ROANOKE TIMES

                         Roanoke Times
                 Copyright (c) 1995, Landmark Communications, Inc.

DATE: SATURDAY, January 4, 1992                   TAG: 9201040008
SECTION: EXTRA                    PAGE: E-1   EDITION: METRO 
SOURCE: 
DATELINE:                                 LENGTH: Medium


IT'S BOGEY BY 10 OVER BRADSHAW

I wouldn't want you to try in your home something I did recently, and I mention it only to show that Old Bennie here never rests in his Quest for Truth.

I hope you won't write letters to the publisher saying what a courageous journalist I am. If you want to send money, that's up to you.

What I did was toy with my own mind most of New Year's Day, which brings us all of these useless football games and parades on the TV.

I carefully studied the schedules and found that, in addition to the games and parades, the day also offered a Humphrey Bogart marathon and three episodes of "Anne of Green Gables."

The idea was to see how the mind might respond to certain varied stimuli.

That is, you watch Lauren Bacall for a while and suddenly switch to Terry Bradshaw's commentary - which is enough to make serial killers out of the gentlest of persons.

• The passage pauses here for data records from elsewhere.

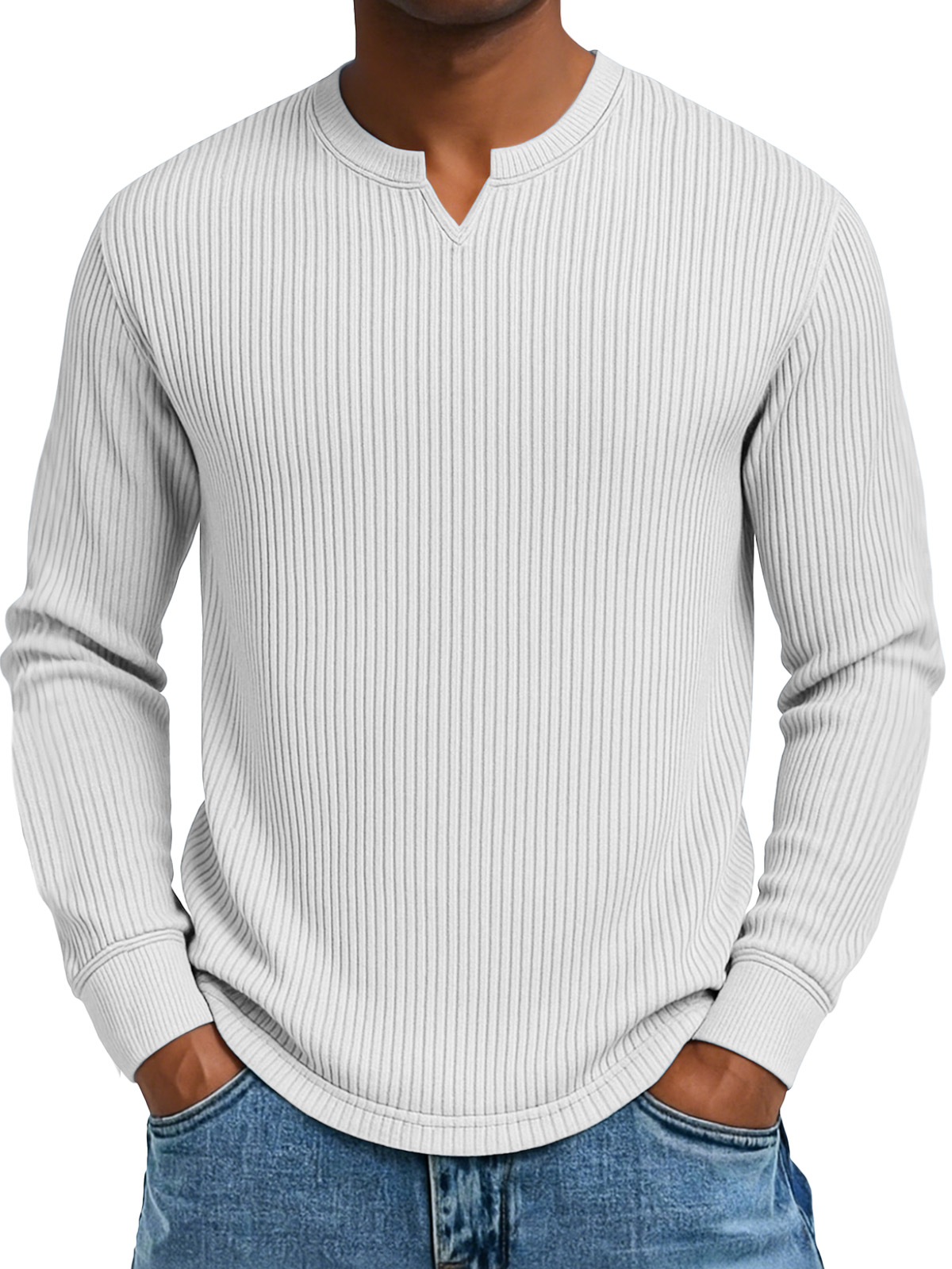 Men's Simple Vertical Ribbed Small V-neck Casual Loose Long-sleeved T-shirt
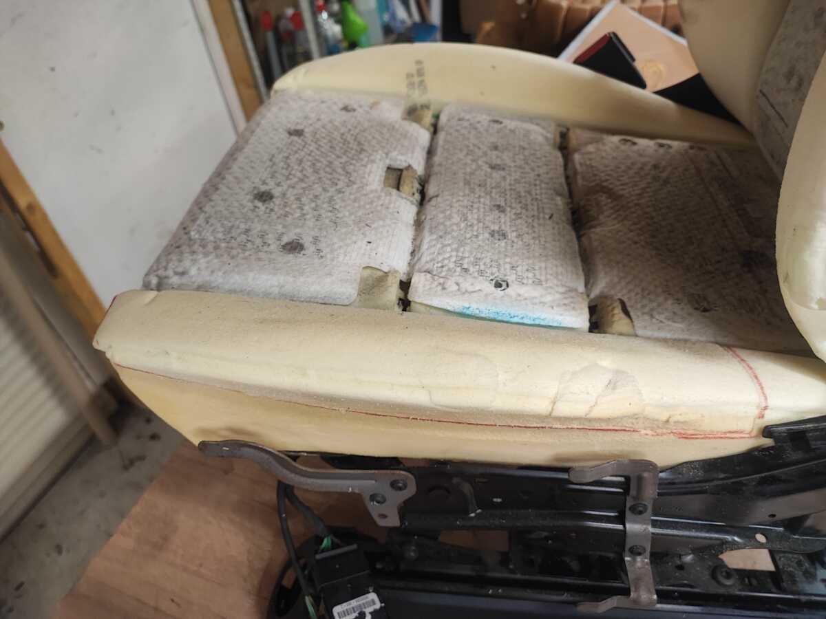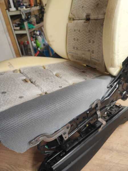 Enfin, une réparation de la mousse d’assise conducteur montée descente à été remplacé et une teinte plus un vernis ont été appliqués sur les deux assises avant, permettant de raviver la couleur, d’uniformiser l’ensemble et d’offrir une protection durable contre l’usure.
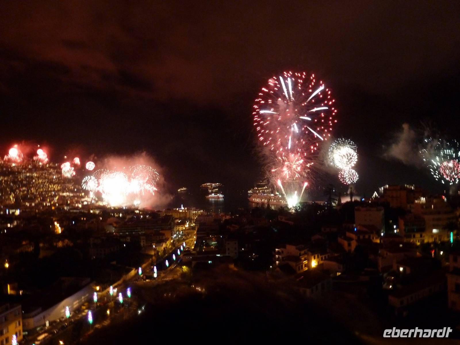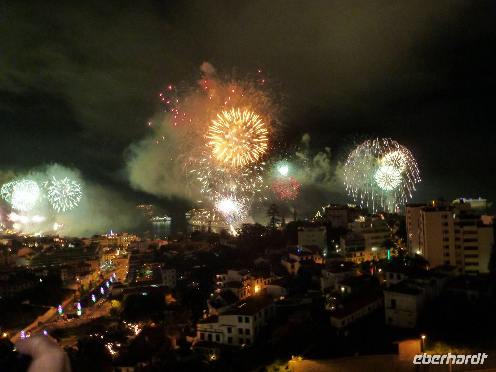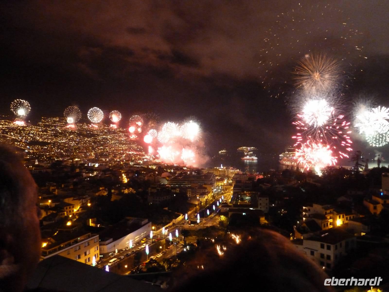 Anschließend führt uns unsere Reise in das kleine Fischerdorf Camara de Lobos, das schon Winston Churchill in seinen Bann zog. Hier genießen wir in einer Bar einen leckeren Nikita oder einen Passisonsfrucht Ponscha und danken dem edlen Spender, der diesen aufgrund eines wichtigen Anlasses heute für uns ausgegeben hat. Wir genießen das Kaiserwetter und verweilen ein wenig, auch wenn uns die Fischer hier doch etwas unheimlich vorkommen. Luisa erklärt uns auch, wie man die Spezialität, den schwarzen Degenfisch hier fängt und anschließend zubereitet. Einige von uns kamen schon in den Genuss dieser leckeren Spezialität, die mit einer frittierten Banane serviert wird. Anschließend führen uns einige Serpentinen nach Eira do Serrado. Hier genießen wir vom Aussichtspunkt eine tolle Aussicht auf das Nonnental und auf den Bodern eines erloschenen Vulkans. Eine tolle Sicht beschert uns traumhafte Fotomotive. Hier kehren wir in ein Restaurant ein und probieren traditionnelle maderensische Tomaten - oder Esskastaniensuppe und maderensischen Wein. Alles schmeckt wunderbar und so ist es heute schon wieder nachmittags. Man merkt gar nicht wie die Zeit vergeht. Bevor wir uns heute auf unsere Silvesterfeier vorbereiten, statten wir der Kräuterhexe Esmeralda noch einen Besuch in Ihrem Kräutergarten ab. Sie freut sich immer über unser Kommen und zeigt uns gern Ihre seltenen Kräuter, wie Nelken, Rosmarin oder auch ihren Lippenstiftbaum. Natürlich hat Sie auch Obstsorten wie Avocados oder Sternfrüchte. Herzlich lädt Sie uns anschließend zu einem Stück Ihrer berühmten Wallnusstorte und zu einem Brot mit Chilli-Pfeffer-Marmelade ein. Wir bedanken uns und machen uns auf den Rückweg zu unserem Hotel. Den restlichen Nachmittag ruhen wir uns aus und machen uns hübsch für unser Gala Dinner, das am Abend um 19:00 Uhr stattfindet. Wir bekommen ein Glas Sekt zum Einlass und rüsten uns mit Kopfschmuck und Trompeten. Bei Live-Musik genießen wir ein tolles Buffet und der ein oder andere wagt auch ein Tänzchen. Um 22:00 Uhr holt uns unser Rogerio mit unserem Bus ab und wir fahren zum Four Views Baia Hotel in der Stadt Funchal. Hier fahren wir bis zur 11. Etage und genießen bei einem Glas Sekt pünkltich um 24:00 Uhr ein Feuerwerk, das wirklich seinesgleichen sucht. Hunderte Raketen bilden ein wahres Synchrontheater um uns herum und wir sind einfach nur beeindruckt. Happy New Year! Anschließend bringt uns unser Bus zurück zum Hotel und nach einem ereignisreichen Tag suchen viele den Weg in die Betten. Einige genießen noch eine Mitternachtssuppe an der Bar und ein Glas Wein oder Bier. Herzlich Willkommen im Jahr 2014!

Also, you take the risk of some brain damage from those commercials in which Suzanne Somers sits there grinning like an idiot while using her trusty Thighmaster. This commercial probably would have a R rating if it weren't so dumb.

I was lucky, which is probably why I am sane enough to be writing this column. I ran into Suzanne and her Thighmaster only once and avoided any of those spots in which Art Linkletter urges us to trade in our old chairs.

The parades, or at least the people who describe them, can also render you temporarily insane:

"Goodness gracious, Marvin, those are the loveliest flowers on that float."

"Yes, Hygeia, they are grown on Tibetan mountain slopes and tended by simple peasants, who would be arrested if they ever came to Pasadena."

So there I was, abusing the remote and making funny noises. First there's Anne's wholesome adventures, then the Cotton Bowl and Bogart in "The Petrified Forest."

Incidentally, Leslie Howard, who wimped his way through "Gone with the Wind," also appears in this movie. Bogart mercifully plugs him.

I know that at this point, many of you are saying that these are just the ravings of a couch potato.

That's not true. I didn't eat potato chips, cheese, peanuts, Twinkies or Little Debbie cakes shaped like Christmas trees during my experiment.

I ate a half dozen tangerines, which are good for you.

At supper, an apparent imbalance of brain chemicals caused me to act like a hog.

I also know that some will say my hazardous experiment was stupid and didn't prove anything.

Oh yeah? How about Bogey/Anne 10, Terry/Bowls 0?